#### What you are asked to do
Leave out the pictures, and retype only the lines from the beginning of the material through the line that contains "Cette stratégie marketing", including both.

#### Data shown

+--

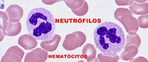 NEUTRÓFILOS: São células sanguíneas leucocitárias que fazem parte essencial do sistema inato. Pertencem a classe dos granulócitos, junto aos eosinófilos e basófilos, pois apresentam núcleos lobulares e contêm grânulos citoplasmáticos. Estão envolvidos na defesa contra bactérias, fungos, vírus e partículas.
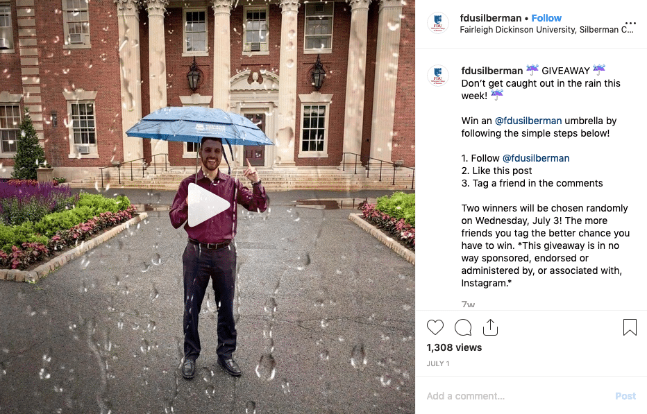 Cette stratégie marketing est presque aussi ancienne qu'Instagram seul. Ils fonctionnent extrêmement bien parce que les utilisateurs adorent concourir et aiment gagner des trucs gratuits. Il suffit d'un simple appel à l'action et d'un petit prix pour encourager vos fans à s'engager. Instagram reconnaîtra et reconnaîtra immédiatement ce type d'activité et donnera à votre compte un tout nouveau boost de chronologie.
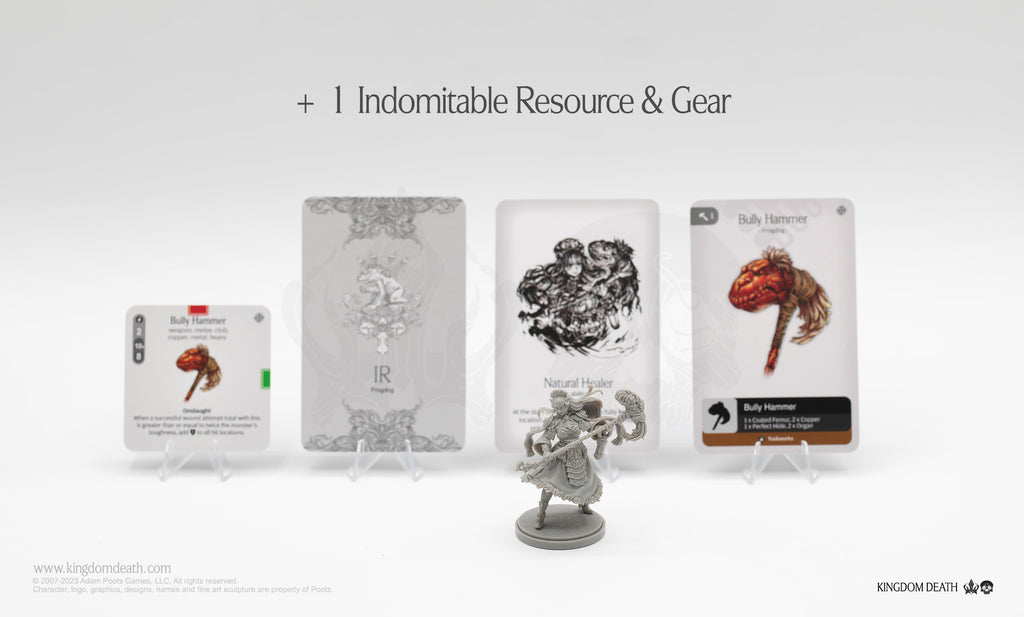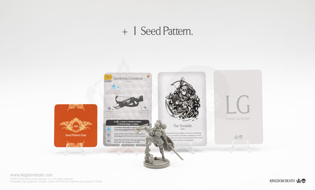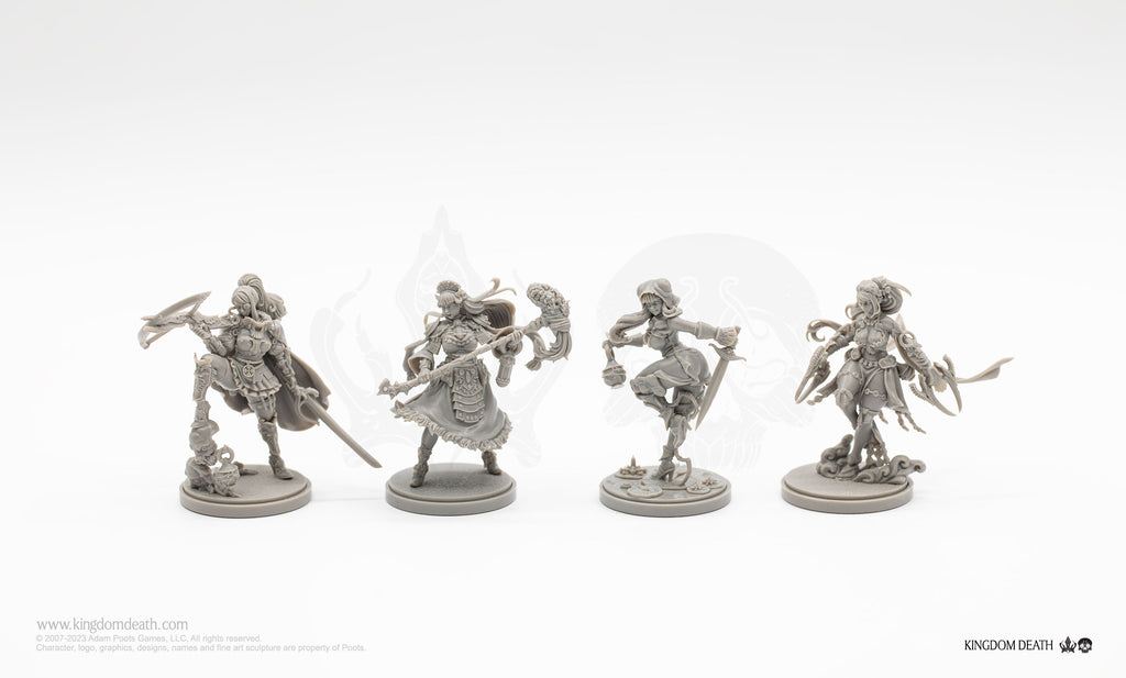 A celebration of survivors from Kingdom Death: Monster. Featuring four updated sculpts of strangers struggling to survive the darkness. This set includes a range of rules and tools representing the ways survivors might harness the world around them for their own gain. From indomitable resources to carve from the toughest monsters, to seed patterns of inspired design, to the knowledges of the arc survivors, this box celebrates all the advantages to be found in this meager existence.

+--

#### Result for this task
 NEUTRÓFILOS: São células sanguíneas leucocitárias que fazem parte essencial do sistema inato. Pertencem a classe dos granulócitos, junto aos eosinófilos e basófilos, pois apresentam núcleos lobulares e contêm grânulos citoplasmáticos. Estão envolvidos na defesa contra bactérias, fungos, vírus e partículas.
 Cette stratégie marketing est presque aussi ancienne qu'Instagram seul. Ils fonctionnent extrêmement bien parce que les utilisateurs adorent concourir et aiment gagner des trucs gratuits. Il suffit d'un simple appel à l'action et d'un petit prix pour encourager vos fans à s'engager. Instagram reconnaîtra et reconnaîtra immédiatement ce type d'activité et donnera à votre compte un tout nouveau boost de chronologie.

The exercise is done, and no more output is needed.